_What is being asked_. Any picture in the listing is left out of the copy; all else is duplicated exactly.

*** Dataset section

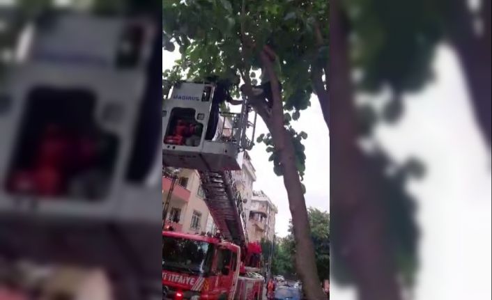 Sancaktepe’de dut toplamak için ağaca çıkan çocuk geri inemeyince itfaiye ekipleri tarafından kurtarıldı.
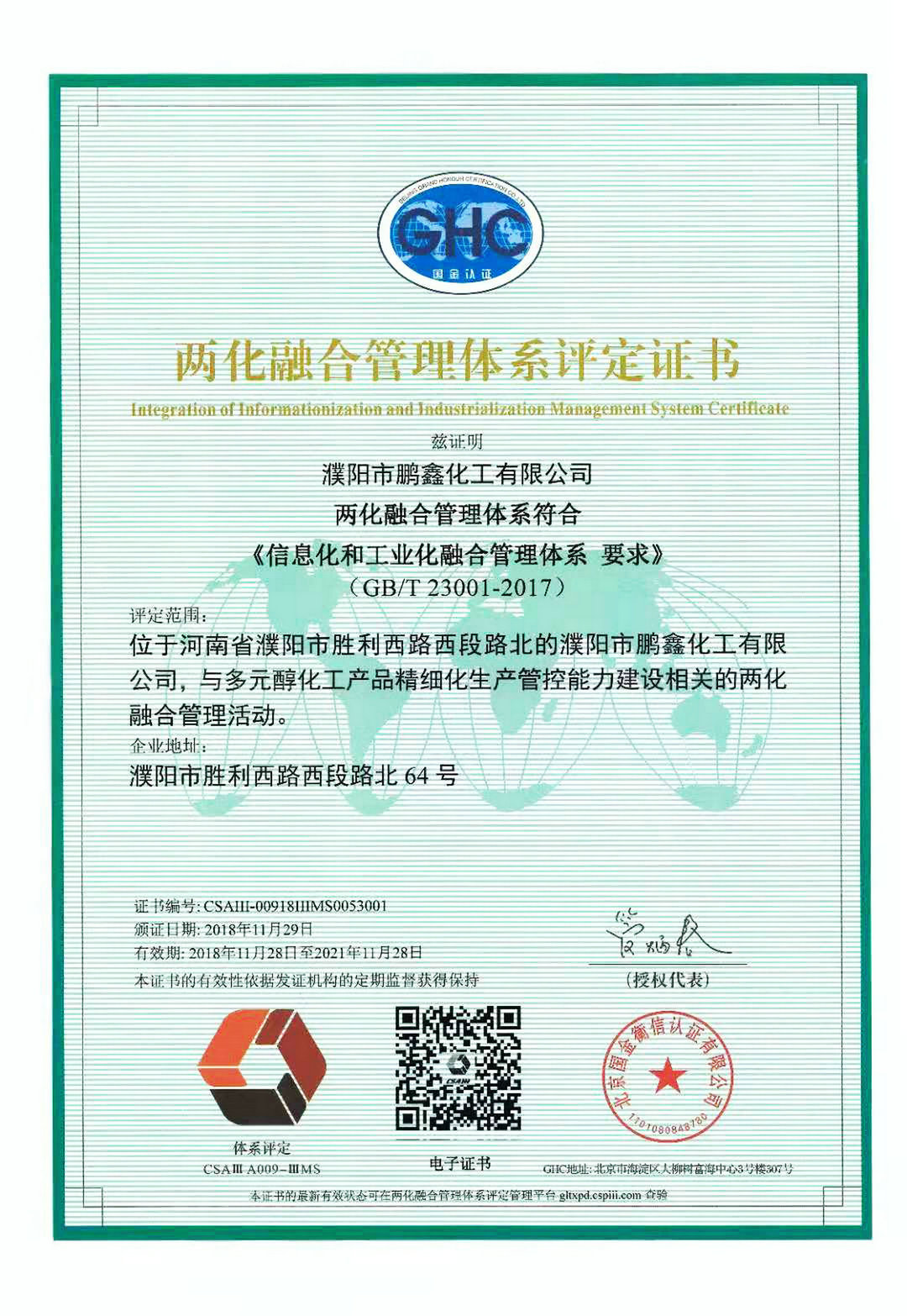 鵬鑫化工根據(jù)《信息化和工業(yè)化融合管理體系要求》(GB/T 23001-2017)標(biāo)準(zhǔn),于2018年4月啟動(dòng)“兩化融合”管理體系貫標(biāo)工作,經(jīng)過(guò)自主申報(bào)、體系運(yùn)行、內(nèi)部審核、管理評(píng)審、專家評(píng)審和復(fù)核公示等環(huán)節(jié),2018年11月28日正式通過(guò)評(píng)定,取得兩化融合管理體系評(píng)定證書(shū)(證書(shū)編號(hào):CSAIII-00918IIIMS0053001)。
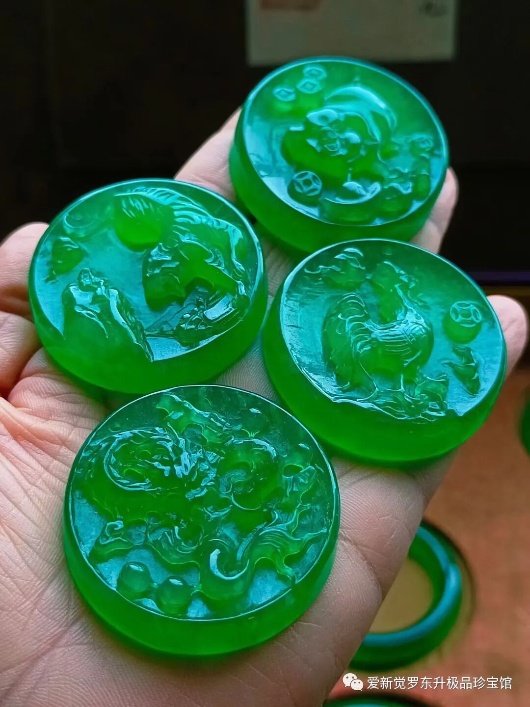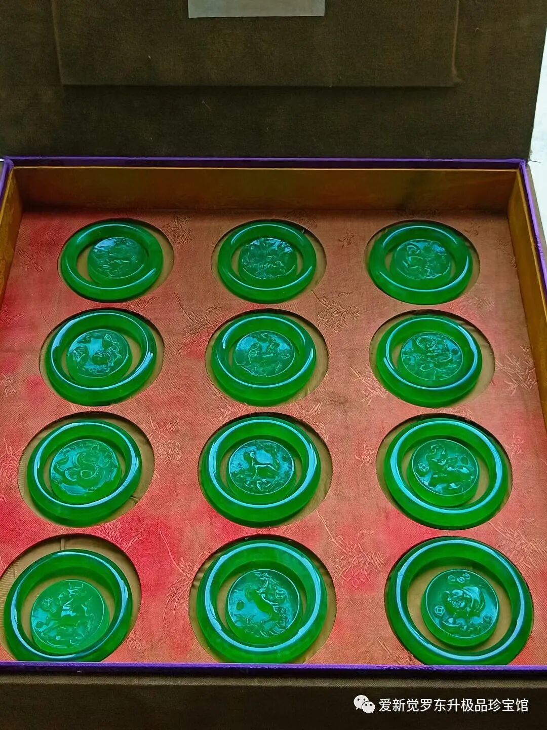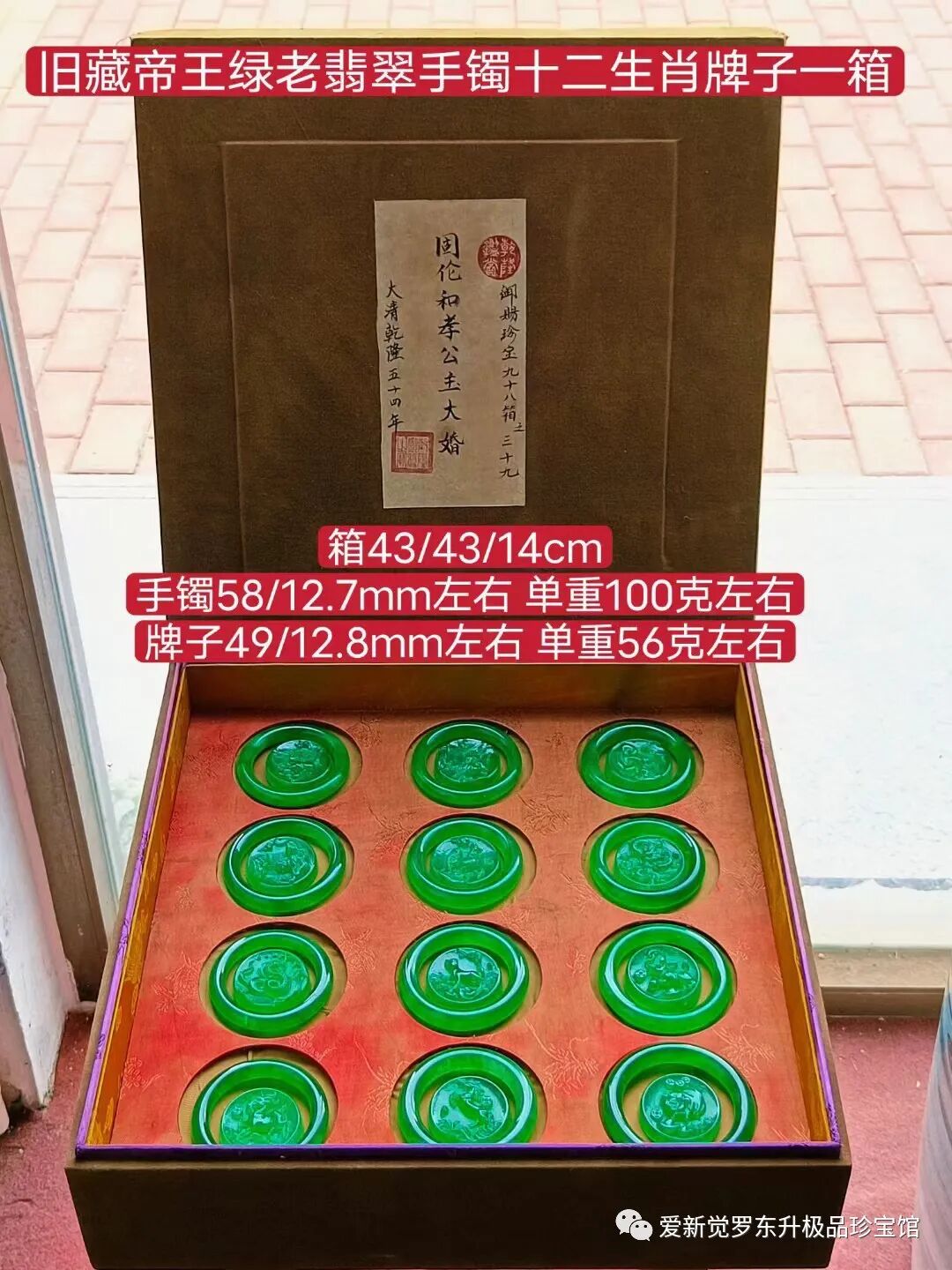 旧藏帝王绿老翡翠手镯十二生肖牌子一箱
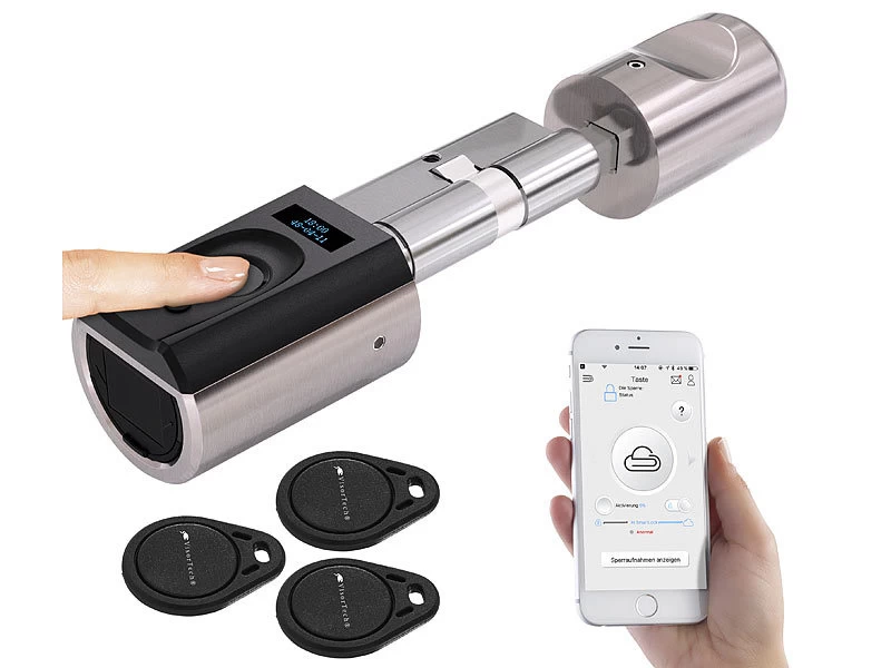 - Tür-Schließzylinder TSZ-700 inklusive 3 Transponder-Schlüssel, Werkzeug, Resetnadel und deutscher Anleitung – Türschloss Fingerprint – Außerdem relevant oder passend zu: Finger, Scanner, Türgriffe, elektrisch, Fingerscan, Türschließer, Elektrisches, Elektronisches, Elektronische Sensor Tansponder

******

_Response box_.
 Sancaktepe’de dut toplamak için ağaca çıkan çocuk geri inemeyince itfaiye ekipleri tarafından kurtarıldı.
 鵬鑫化工根據(jù)《信息化和工業(yè)化融合管理體系要求》(GB/T 23001-2017)標(biāo)準(zhǔn),于2018年4月啟動(dòng)“兩化融合”管理體系貫標(biāo)工作,經(jīng)過(guò)自主申報(bào)、體系運(yùn)行、內(nèi)部審核、管理評(píng)審、專家評(píng)審和復(fù)核公示等環(huán)節(jié),2018年11月28日正式通過(guò)評(píng)定,取得兩化融合管理體系評(píng)定證書(shū)(證書(shū)編號(hào):CSAIII-00918IIIMS0053001)。
 旧藏帝王绿老翡翠手镯十二生肖牌子一箱
 - Tür-Schließzylinder TSZ-700 inklusive 3 Transponder-Schlüssel, Werkzeug, Resetnadel und deutscher Anleitung – Türschloss Fingerprint – Außerdem relevant oder passend zu: Finger, Scanner, Türgriffe, elektrisch, Fingerscan, Türschließer, Elektrisches, Elektronisches, Elektronische Sensor Tansponder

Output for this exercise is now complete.